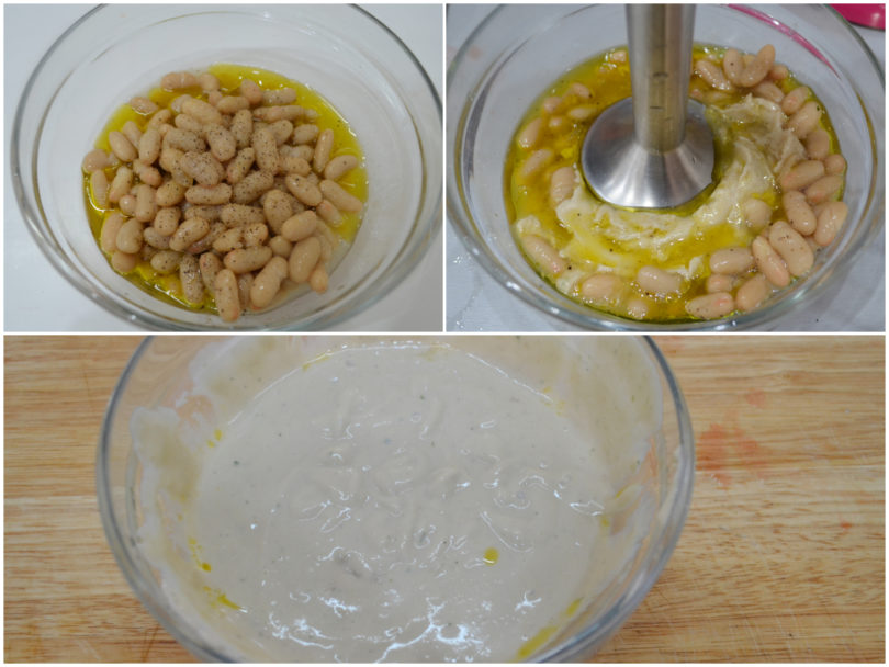 Mettete i fagioli in una ciotola con sale, pepe, olio e un po' di fondo cottura delle vongole, quindi iniziate a frullare con un minipimer, aggiungendo altra acqua di cottura se serve per raggiungere la consistenza che preferite.
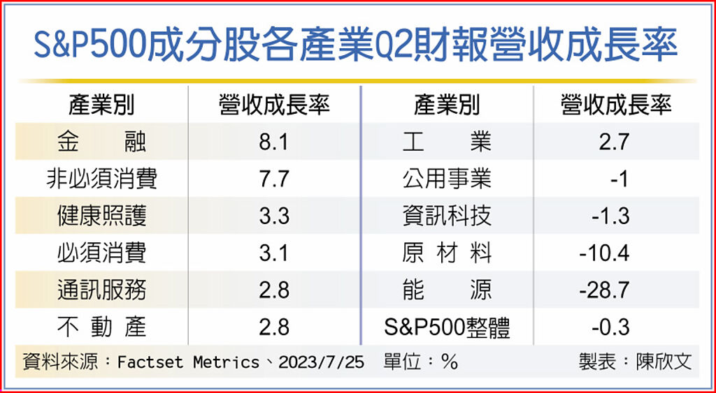 美股企業財報陸續公布中,據數據研調機構FactSet統計,目前已公布的S&P500指數成分股中,有近61%的企業營收優於預期,其中以金融、非必須消費及健康照護表現居前,分別近8.1%、7.7%與3.3%。投信法人表示,美國就業及內需服務景氣仍溫和擴張,經濟基本面有一定支撐,加上通膨及政策利率高點已過,有利金融市場壓力舒緩,企業獲利表現有望逐季改善,後市表現仍值得關注。
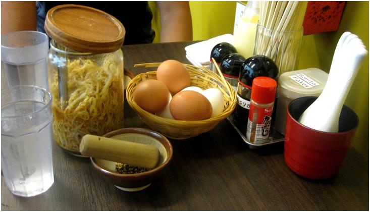 Condiments are free flow. Bean sprouts, boiled eggs, bonito flakes, mayonnaise etc.
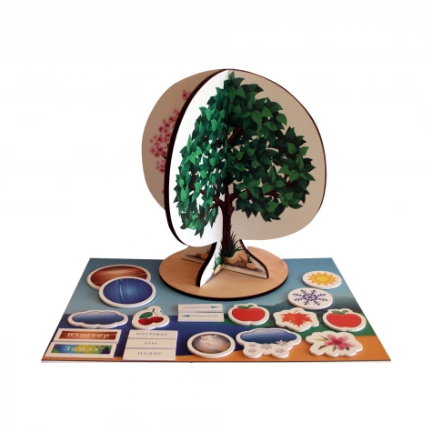 Набір призначений для використання на уроках природознавства в початковій школі як демонстраційний матеріал. Даний комплект розвиває компетентність дітей у галузі природничих наук, формує допитливість, спостережливість, активність, бажання дізнаватися нову інформацію та генерувати нові ідеї. Створює сприятливі передумови для пізнання навколишнього світу шляхом дослідження, вчить формувати припущення та робити висновки. До складу входить: - планшет-плакат для пояснення кругообігу води в природі, магнітна основа, 400*300 мм – 1 шт.; - розбірне дерево (всі пори року), 300*300 мм – 2 частини; - підставка, 200 мм – 1 шт.; - магніти: назви планет (10 шт.) та їх зображень (10 шт.); природні явища – 5 шт.; для розміщення на розбірному дереві (листя, квіти, плоди) – 12 шт.; слова для позначення кругообігу води в природі – 7 шт.; стрілки для позначення кругообігу води в природі – 5 шт.
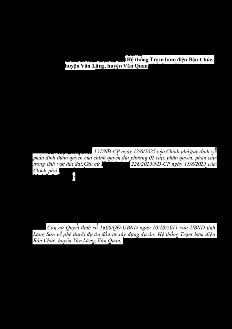 | Tiêu đề văn bản | QUYẾT ĐỊNH Về việc thu hồi đất để thực hiện dự án: Hệ thống Trạm bơm điện Bản Chúc, huyện Văn Lãng, huyện Văn Quan, tỉnh Lạng Sơn | ||
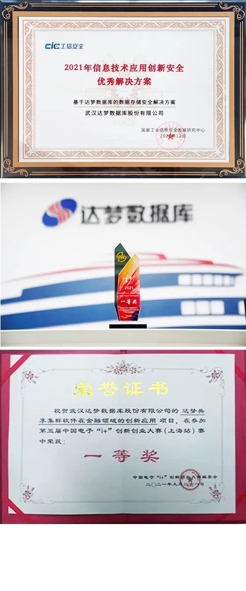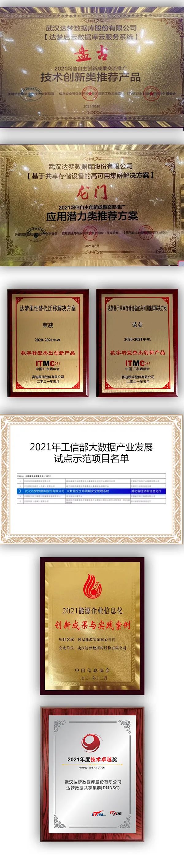 公司“达梦基于共享存储设备的高可用集群解决方案”、“达梦柔性迁移解决方案”荣获“2020-2021年度数字转型杰出创新作品”奖项; “达梦启云数据库云服务系统”荣获“2021网信自主创新成果交流推广技术创新类推荐产品(盘古奖)”; “基于共享存储设备的高可用集群解决方案”荣获“2021网信自主创新成果交流推广应用潜力类推荐方案(龙门奖)”; 达梦“大数据全生命周期安全管理系统”被列入“《2021年工信部大数据产业发展试点示范项目名单》”; 荣获“2021能源企业信息化创新成果与实践案例”大奖; “达梦数据共享集群软件DMDSC”荣获IT168“2021年度技术卓越奖”; ...... |

- [EXERCISE DESCRIPTION]
Print the complete listing exactly as it stands, without its pictures.

- [RESULT OF THIS EXERCISE]
 Mettete i fagioli in una ciotola con sale, pepe, olio e un po' di fondo cottura delle vongole, quindi iniziate a frullare con un minipimer, aggiungendo altra acqua di cottura se serve per raggiungere la consistenza che preferite.
 美股企業財報陸續公布中,據數據研調機構FactSet統計,目前已公布的S&P500指數成分股中,有近61%的企業營收優於預期,其中以金融、非必須消費及健康照護表現居前,分別近8.1%、7.7%與3.3%。投信法人表示,美國就業及內需服務景氣仍溫和擴張,經濟基本面有一定支撐,加上通膨及政策利率高點已過,有利金融市場壓力舒緩,企業獲利表現有望逐季改善,後市表現仍值得關注。
 Condiments are free flow. Bean sprouts, boiled eggs, bonito flakes, mayonnaise etc.
 Набір призначений для використання на уроках природознавства в початковій школі як демонстраційний матеріал. Даний комплект розвиває компетентність дітей у галузі природничих наук, формує допитливість, спостережливість, активність, бажання дізнаватися нову інформацію та генерувати нові ідеї. Створює сприятливі передумови для пізнання навколишнього світу шляхом дослідження, вчить формувати припущення та робити висновки. До складу входить: - планшет-плакат для пояснення кругообігу води в природі, магнітна основа, 400*300 мм – 1 шт.; - розбірне дерево (всі пори року), 300*300 мм – 2 частини; - підставка, 200 мм – 1 шт.; - магніти: назви планет (10 шт.) та їх зображень (10 шт.); природні явища – 5 шт.; для розміщення на розбірному дереві (листя, квіти, плоди) – 12 шт.; слова для позначення кругообігу води в природі – 7 шт.; стрілки для позначення кругообігу води в природі – 5 шт.
 | Tiêu đề văn bản | QUYẾT ĐỊNH Về việc thu hồi đất để thực hiện dự án: Hệ thống Trạm bơm điện Bản Chúc, huyện Văn Lãng, huyện Văn Quan, tỉnh Lạng Sơn | ||
 公司“达梦基于共享存储设备的高可用集群解决方案”、“达梦柔性迁移解决方案”荣获“2020-2021年度数字转型杰出创新作品”奖项; “达梦启云数据库云服务系统”荣获“2021网信自主创新成果交流推广技术创新类推荐产品(盘古奖)”; “基于共享存储设备的高可用集群解决方案”荣获“2021网信自主创新成果交流推广应用潜力类推荐方案(龙门奖)”; 达梦“大数据全生命周期安全管理系统”被列入“《2021年工信部大数据产业发展试点示范项目名单》”; 荣获“2021能源企业信息化创新成果与实践案例”大奖; “达梦数据共享集群软件DMDSC”荣获IT168“2021年度技术卓越奖”; ...... |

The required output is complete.